MadameAce: The world at large seems to have a very mixed view on the Hunger Games themselves. Katniss needed to be from a poorer district in order for the audience to sympathize with her. We don’t like the idea of children being forced to fight to the death—or at least I don’t, and I hope most of you agree with me—and it’s the people from the poorer backgrounds that truly see and fear what the Games are. They struggle to survive, and one of the ways they can do that is by putting their names into the draw more times in exchange for food. And when they’re called as tributes, it’s a death sentence. The looks on everyone’s face just lets you know that they don’t expect the tributes to come back alive.

The Capitol itself seems all but oblivious to the woes of the districts. Yes, some districts, like 1 and 2, train their children to fight and don’t have to worry about having their names put into the lottery numerous time due to their wealth, but the people in the Capitol don’t even view the tributes as people. They treat it very much like a show for entertainment, because to them, that’s exactly what the Hunger Games are. At one scene, when Katniss first enters the Capitol, she sees two little children playing with swords, and it’s all fun and games to them. The really hideous woman whose name I cannot remember tells both Katniss and Peeta to be happy because they get dessert and the other tributes don’t. Very few people seem to realize just how cruel and barbaric this practice is, and the ones who do are either survivors from previous years or their personal trainers who have to watch their students die over and over again.
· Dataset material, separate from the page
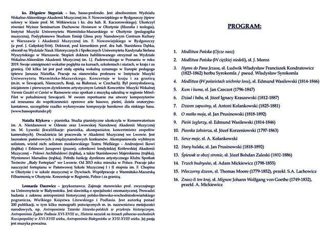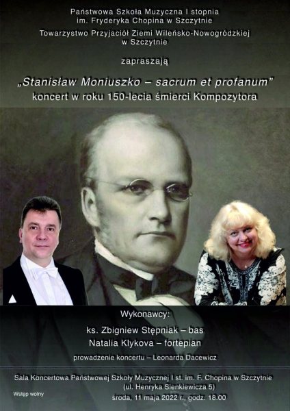 Towarzystwo Przyjaciół Ziemi Wileńsko-Nowogródzkiej oraz Państwowa Szkoła Muzyczna I stopnia im. Fryderyka Chopina w Szczytnie zapraszają koncert „Stanisław Moniuszko - sacrum et profanum”, który odbędzie się 11 maja 2022 r. o godzinie 18:00 w Państwowej Szkole Muzycznej w Szczytnie, przy ulicy H. Sienkiewicza 5. Wstęp na koncert jest darmowy.

And the people at the Capitol say numerous times that this is to remind the districts of their failed uprising and stop it from happening again. But in actuality, it’s been so long, the Hunger Games probably do more harm than good to the country’s unity.

LadySaika: MadameAce is spot-on. Katniss’s respectful treatment of Rue’s body shows the Games’ viewers that she thinks of her opponents as people worth mourning rather than targets. The Capitol refuses to re-air that scene in reruns because it does incite the viewers in the districts to greater discontent (although it’s not like they were excited about the Games anyway) and as far as full-out rebellion (particularly in Rue’s home, District 11).

Furthermore, although the Capitol uses the Games as a trump card over the districts, guaranteeing their loyalty, after nearly seventy-five years of Games they are out of touch with their victims. The movie also did a good job of showing the brutality of the kids killing each other without it becoming too horrifically gory, but in a way that still shows the disconnect between the rulers and the ruled and forces the viewer to feel objectively uncomfortable (I’m reminded of Katniss watching old Game footage on the train and Caesar’s voiceover saying “Here’s that magical moment when a Tribute becomes a Victor”—as a boy finishes braining another kid with a brick.)

The districts as they stood after the original rebellion had no choice but to let the Capitol take their children; however, their resentment towards the Capitol has grown stronger just as they have recovered their strength over the years. By the end of the movie they stand strong enough to rise up against the Capitol. All they need is a spark—and now they have the Girl on Fire, who spit in the face of the Capitol and refused to play its Game. The ending of the movie is final (the film could definitely stand alone if the producers were to decide, perhaps because they hate money, to discontinue the series) but it is also uncertain—even Peeta and Katniss don’t know what will happen when they get home, and the adults are certainly on edge, because nothing like Katniss’s victory has ever happened before.

The next installment in the trilogy, Catching Fire, doesn’t start filming for a while yet. But they’ve done a tremendous job adapting the first movie, and I now trust them enough to say I look forward to seeing what they do with the next two books.